La dette française rattrapée par la crise géopolitique
Après l'adoption tardive, via l'article 49.3, du projet de loi de finances 2026 début février, le sujet explosif de la dette publique avait été momentanément éclipsé par les élections municipales. Cette trêve fut de courte durée. Dans le sillage de la guerre en Iran, le fardeau de l'État français – qui avoisine les 3 500 milliards d'euros – a rapidement ressurgi au premier plan des préoccupations gouvernementales.
Une pression financière accrue
Alors que les marchés financiers surveillaient depuis plusieurs mois avec une nervosité croissante le déficit hexagonal, le conflit au Moyen-Orient a considérablement accentué la pression. Le taux à 10 ans auquel la France emprunte pour se financer a connu une hausse spectaculaire, passant de 3,2 % à 3,7 % en l'espace de quelques semaines, avec un pic à 3,9 %, un niveau jamais observé depuis la crise financière de 2008.

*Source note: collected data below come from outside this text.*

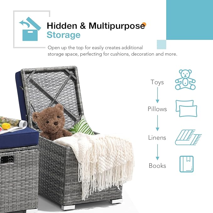 Patiorama 2 Piece Outdoor Patio Ottomans,All-Weather Grey PE Rattan Wicker Ottoman with Storage,Outdoor Footrest Footstool Seat w/Thick Cushion,Built-in Handle for Backyard Poolside Porch (Navy Blue)
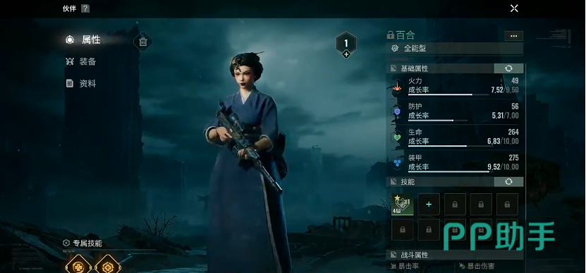 另一个专属的被动技“大器晚成”,可提高12%自身火力,生命和装甲也均得到12%的提升,副手转化率同上,但是获得的所有经验值会下降50%。从技能效果不难看出,该伙伴能给敌人附加各种不同的幅面buff,让对手始终处于不正常的状态当中,这会大大影响敌方的攻击效率以及节奏,能打乱对手的策略,更好的对目标造成限制效果。
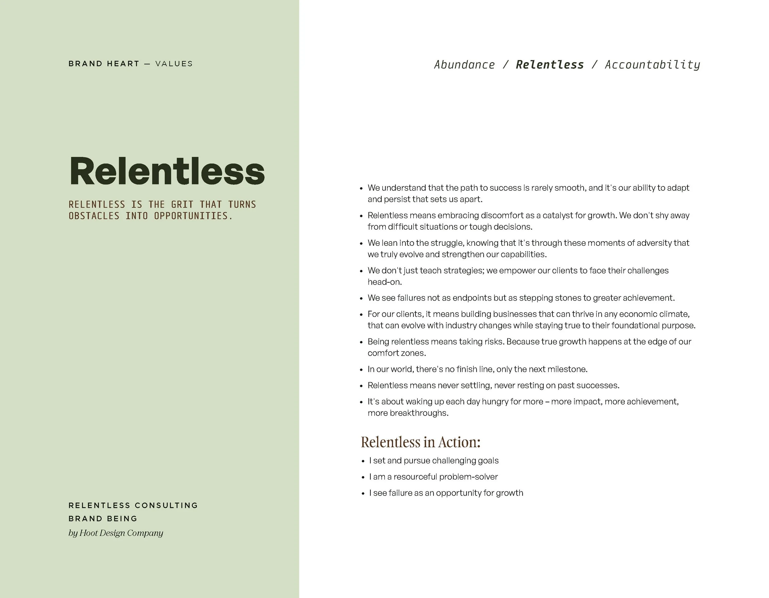 Through self-reflection, zero-bullshit planning, and our Brand Being Methodology, Relentless Consulting distilled their essence:
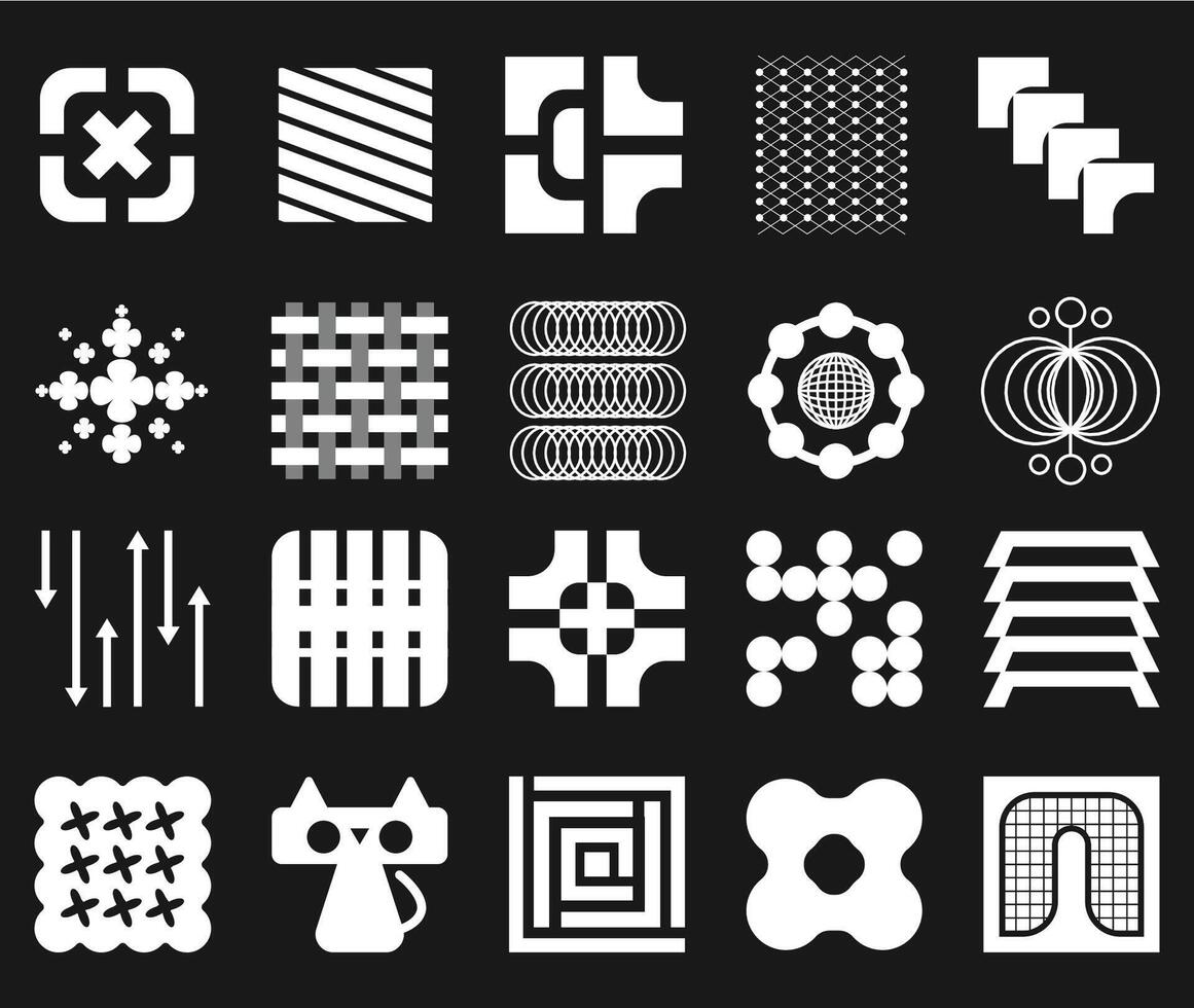 Retro futuristic elements for design. Collection of abstract graphic geometric symbols and objects in y2k style. Templates for pomters, banners, stickers, business cards. Pro Vector
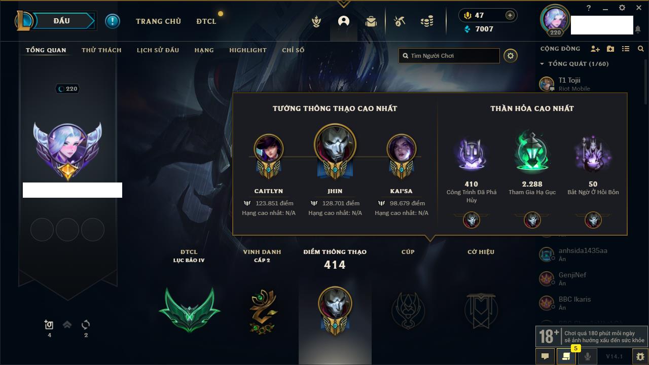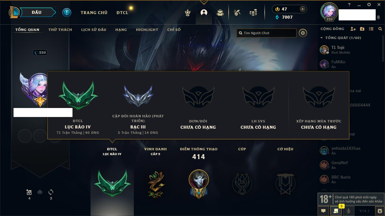 Rank Đơn: Chưa Rank Khung: Bạc Tướng: 171 - Còn 140501 THX Trang Phục: 58 Rank ĐTCL: Chưa Rank Linh Thú: 87
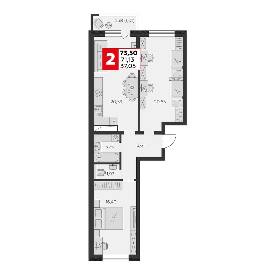 3-комнатная — 71,13 м² 3/9 эт. в К24
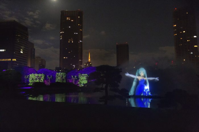 El momento más esperado fue la presentación de la famosa idol virtual, Miku Hatsune, cuyo holograma se proyectó sobre el estanque Shioiri del jardín de Hamarikyu.
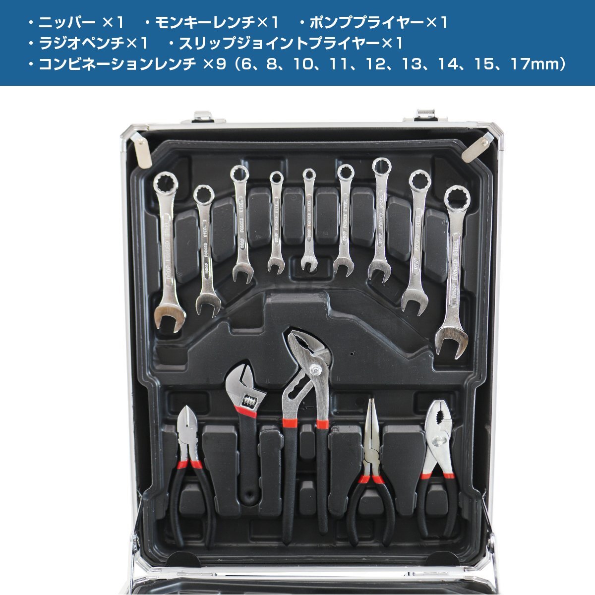 工具箱 工具セット 186pcs 持ち運び 工具ボックス アルミケース 車 バイク 自転車 整備 取付 ラチェット スパナ レンチ 家具
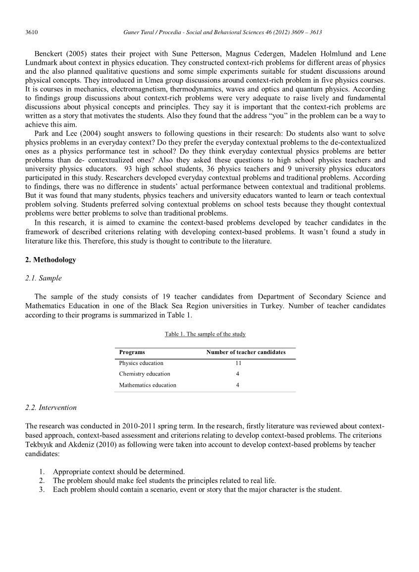 本研究于2010-2011春季学期进行。在本研究中,首先回顾了情境方法、情境评估以及与发展问题情境相关的标准。教师候选人参考Tekbivik和Akdeniz(2010)的标准,提出了问题情境。
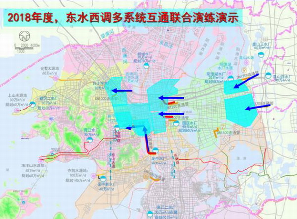 演练期间,全市互联互通供水管网系统运行正常,由独立供水转变成连片互通供水,降低了各市、区单一供水系统的风险,并筛选出了最佳联动支援供水方案,实现不同供水区域间应急情况下能够相互支援的目标,形成长江与太湖“江湖共济”的供水格局。
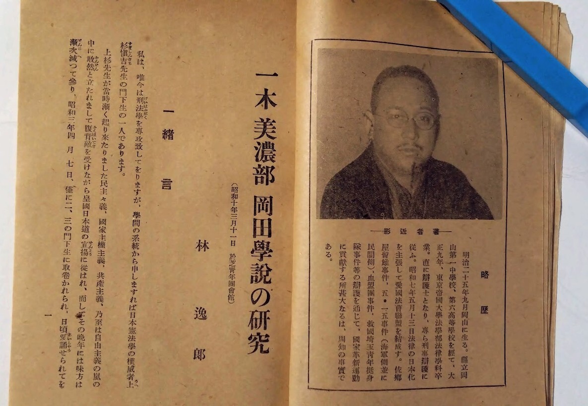 「天皇機関説撃滅 一木・美濃部・岡田學説の研究 附:美濃部達吉不敬事件告発状全文」愛国法曹盟理事 林逸郎:著昭和神聖會 昭和10年 收藏
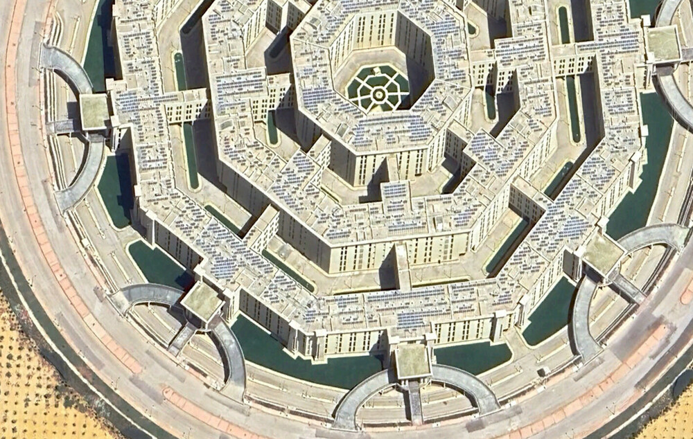 Sounds far-fetched. The "Octagon" has a very distinctive shape, and you can study that complex in great detail, down to the number of solar panels on the roof, using any map. What we see in DCS is, likely, a raw OSM output named "dense urban area" or something generic like that. And OnReTech didn't bother modelling this landmark... yet?
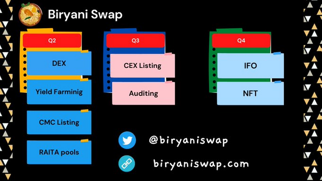 As depicted above and as indicated on the official website Biryani Swap, Biryani Swap is a decentralized exchange (DEX) running on Binance Smart Chain #BSC with Yield Farming and Raita Pools, spin feature that let you earn and win tokens.
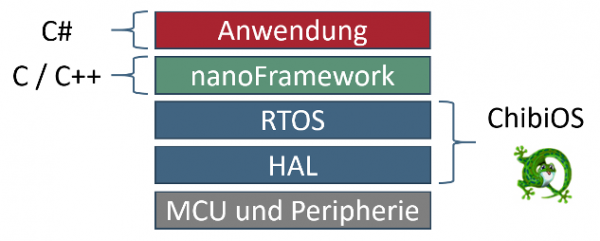 Das nanoFramework ist in verschiedenen Layern aufgebaut. Die Verwendung eines Echtzeitbetriebsystems ist dabei nicht zwingend nötig. Das nanoFramework kann auch direkt auf dem Mikrocontroller betrieben werden. Wir haben auf Grund der für STM32 Mikrocontroller optimierten und umfangreichen HAL vom ChibiOS die Variante via Echtzeitbetriebssystem gewählt. Das nanoFramework besteht wiederum aus zwei Teilen. Einerseits aus dem nanoBooter, welcher für den korrekten Start des Frameworks zuständig ist und andererseits aus der bereits erwähnten .NET Common Language Runtime, genannt nanoCLR. Diese Aufteilung ermöglicht ein weiteres Feature des nanoFrameworks: Das nanoCLR sowie die C# Benutzeranwendung können während dem Betrieb aktualisiert werden. Somit können Erweiterungen der .NET Klassen oder neue Features in der C# Benutzeranwendung fortlaufend ergänzt werden. Die Layer HAL, RTOS und nanoFramework sind nur während der Portierung auf die gewünschte Hardwareplattform oder Erweiterungen der .NET Klassen zu bearbeiten. In der eigentlichen Anwendungsentwicklung kann sich der Entwickler dann ausschliesslich auf seine C# Anwendung konzentrieren, welche auf dem obersten Layer zu liegen kommt.
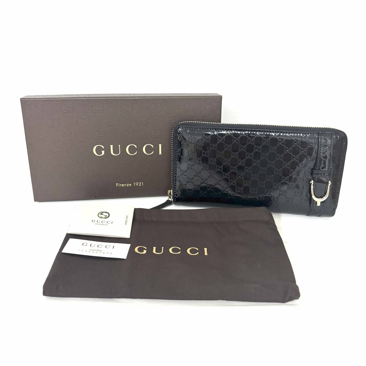 - SD2467 美品! GUCCI グッチ マイクログッチシマ 309758 ベルトモチーフ ラウンドファスナー 長財布 ロングウォレット エナメル ブラック
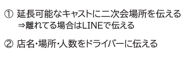 最低延長人数(2名)を利用して、リーダーともう1人のキャストだけで延長に運ぶことを禁止します。
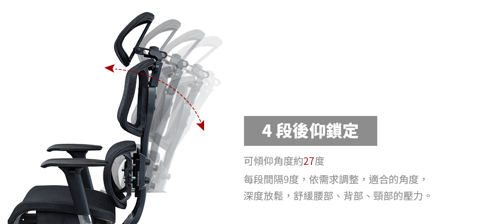 🔸四段後躺固定,新款加大頭枕,可調上下/前後/旋轉支撐
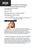 This document provides a reflection tool to help develop self-awareness by identifying an area for improvement, outlining steps to make that change, and setting goals to measure progress. The user fills in the blanks to craft a personal plan for increased self-knowledge and personal development.
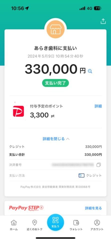 抗生物質と痛み止め(カロナール)、うがい薬(コンクールの試供品)、滅菌ガーゼを頂きPayPayで330,000円支払う

Cette envolée s'explique principalement par le blocage prolongé du détroit d'Ormuz et l'explosion conséquente des prix des carburants. Face à cette situation, les investisseurs ont anticipé une future hausse des taux directeurs de la Banque centrale européenne, mesure destinée à juguler l'inflation générée par ces tensions géopolitiques.
Une facture qui s'alourdit dangereusement
L'addition pourrait s'avérer particulièrement salée pour les finances publiques françaises. L'économiste et consultant indépendant Norbert Gaillard, spécialiste du risque souverain, a réalisé des calculs précis. Cette année, l'Agence France Trésor prévoit d'émettre 310 milliards d'euros d'obligations sur les marchés.
"Pour un tel besoin de financement, composé à 85 % de dette à 10 ans, 5 % à 30 ans et 10 % à court terme, le surcoût serait d’environ 10 milliards d’euros sur un an si les taux d'intérêt se maintenaient à ce niveau", détaille l'expert. La facture s'élève même déjà, selon ses estimations, à 500 millions d'euros depuis le début de l'opération militaire israélo-américaine dans la région.
Cette dynamique inquiétante alourdirait encore un peu plus une charge de la dette qui approchait déjà les 60 milliards d'euros en 2025, un montant qui, selon les projections, risque de doubler d'ici l'horizon 2030.
La souveraineté budgétaire menacée
Une telle pression sur nos finances publiques menace durablement la souveraineté budgétaire et monétaire de la France. "Elle est fragilisée par la dépendance intégrale aux jugements des marchés financiers", souligne Benjamin Lemoine, chercheur CNRS au centre Maurice Halbwachs.
"Loin de n’évaluer que des données chiffrées et froides, ils expriment des goûts et des dégoûts : s’ils n’aiment pas l’instabilité en soi, ils craignent encore plus des orientations politiques qui pourraient remettre en question le paiement sacralisé de la dette." Cette dépendance aux humeurs des marchés rend la position française particulièrement vulnérable dans un contexte international tendu.